_What you need to do:_
Copy, exactly and without additions, every line in the records below from the one holding "Various iterations of" through the one holding "簡約棉拖鞋男秋冬季厚底家用室內保暖防滑家居情侶毛絨棉拖女", both ends included.

_Exercise materials:_

╭──

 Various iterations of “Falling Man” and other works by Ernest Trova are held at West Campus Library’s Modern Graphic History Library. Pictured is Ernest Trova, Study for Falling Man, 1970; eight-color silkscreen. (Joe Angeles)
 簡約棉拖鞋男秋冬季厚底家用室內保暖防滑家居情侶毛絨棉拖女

╰──
╭──

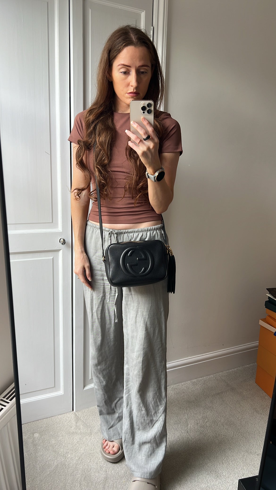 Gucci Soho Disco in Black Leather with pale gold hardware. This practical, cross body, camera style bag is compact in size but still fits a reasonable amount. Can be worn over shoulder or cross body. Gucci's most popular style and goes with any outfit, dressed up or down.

╰──
╭──

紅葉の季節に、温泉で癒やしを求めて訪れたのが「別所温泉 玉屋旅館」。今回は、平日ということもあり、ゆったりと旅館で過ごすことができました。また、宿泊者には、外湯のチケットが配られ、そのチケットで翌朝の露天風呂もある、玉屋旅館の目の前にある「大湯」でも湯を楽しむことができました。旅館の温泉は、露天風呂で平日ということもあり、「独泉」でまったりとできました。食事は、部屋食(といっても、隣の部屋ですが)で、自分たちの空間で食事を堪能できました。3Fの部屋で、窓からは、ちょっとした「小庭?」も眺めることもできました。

╰──

_Answer area:_
 Various iterations of “Falling Man” and other works by Ernest Trova are held at West Campus Library’s Modern Graphic History Library. Pictured is Ernest Trova, Study for Falling Man, 1970; eight-color silkscreen. (Joe Angeles)
 簡約棉拖鞋男秋冬季厚底家用室內保暖防滑家居情侶毛絨棉拖女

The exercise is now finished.